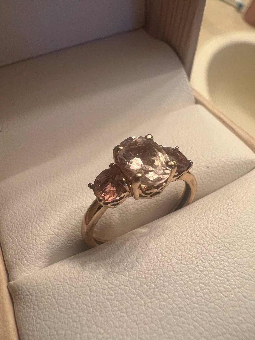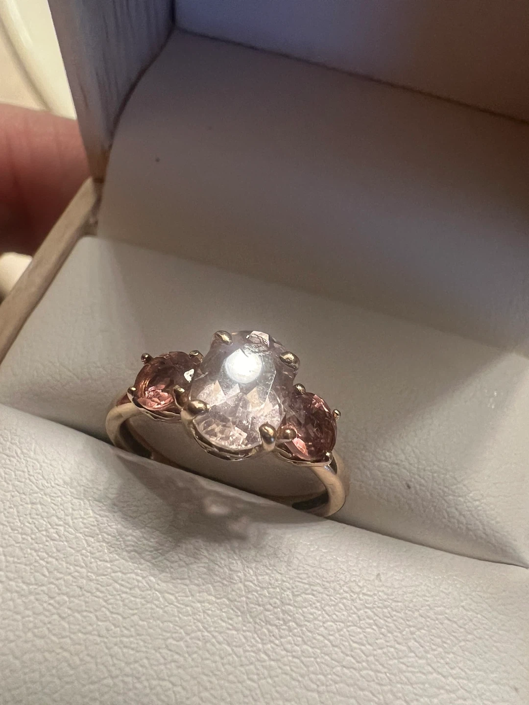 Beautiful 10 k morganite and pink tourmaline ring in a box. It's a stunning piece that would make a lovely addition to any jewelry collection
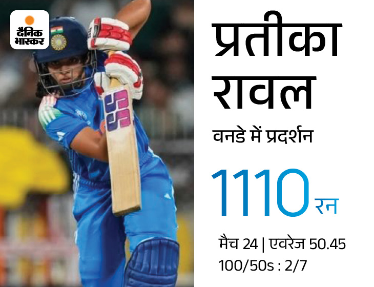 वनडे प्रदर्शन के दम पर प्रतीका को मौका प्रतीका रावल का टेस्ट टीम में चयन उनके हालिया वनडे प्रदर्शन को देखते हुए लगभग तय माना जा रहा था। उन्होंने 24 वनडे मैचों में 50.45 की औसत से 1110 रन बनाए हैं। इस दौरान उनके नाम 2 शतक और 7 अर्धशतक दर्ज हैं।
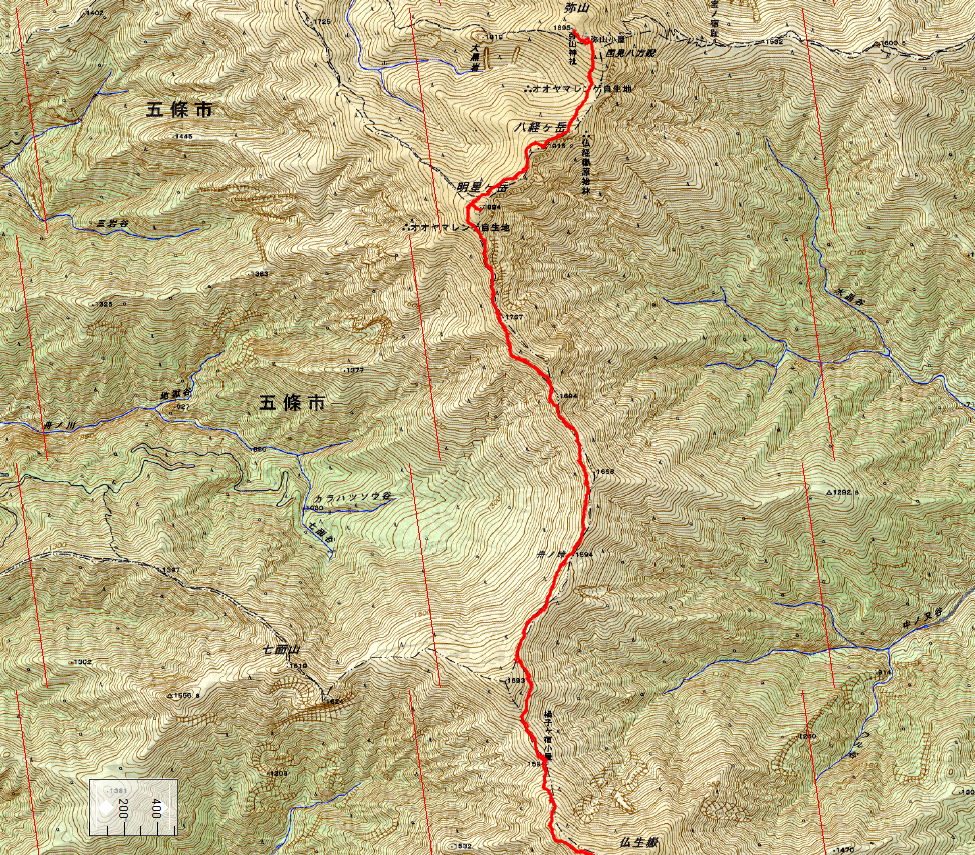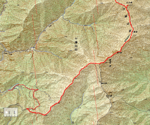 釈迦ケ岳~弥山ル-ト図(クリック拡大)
_____
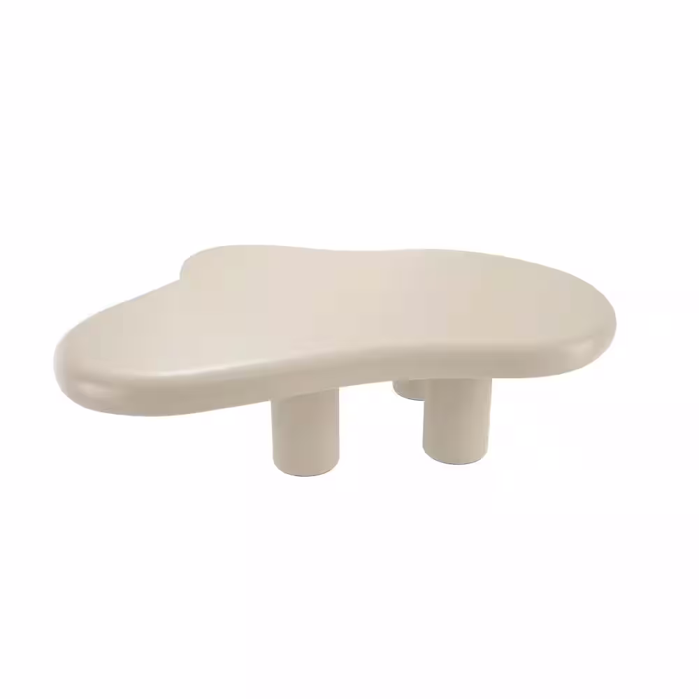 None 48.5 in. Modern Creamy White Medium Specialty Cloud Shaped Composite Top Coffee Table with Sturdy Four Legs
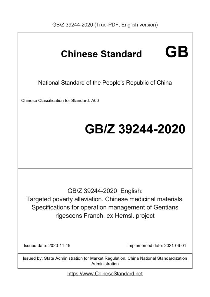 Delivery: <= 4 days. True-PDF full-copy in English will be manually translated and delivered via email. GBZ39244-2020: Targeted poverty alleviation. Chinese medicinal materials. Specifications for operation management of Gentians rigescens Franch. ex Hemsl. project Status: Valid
_____
Assignment: Going by the data above, give back only the lines from the one containing "Beautiful 10 k" through the one containing "釈迦ケ岳~弥山ル-ト図(クリック拡大)", exactly as they stand, both ends included and no images.

Output of the exercise:
 Beautiful 10 k morganite and pink tourmaline ring in a box. It's a stunning piece that would make a lovely addition to any jewelry collection
 वनडे प्रदर्शन के दम पर प्रतीका को मौका प्रतीका रावल का टेस्ट टीम में चयन उनके हालिया वनडे प्रदर्शन को देखते हुए लगभग तय माना जा रहा था। उन्होंने 24 वनडे मैचों में 50.45 की औसत से 1110 रन बनाए हैं। इस दौरान उनके नाम 2 शतक और 7 अर्धशतक दर्ज हैं।
 釈迦ケ岳~弥山ル-ト図(クリック拡大)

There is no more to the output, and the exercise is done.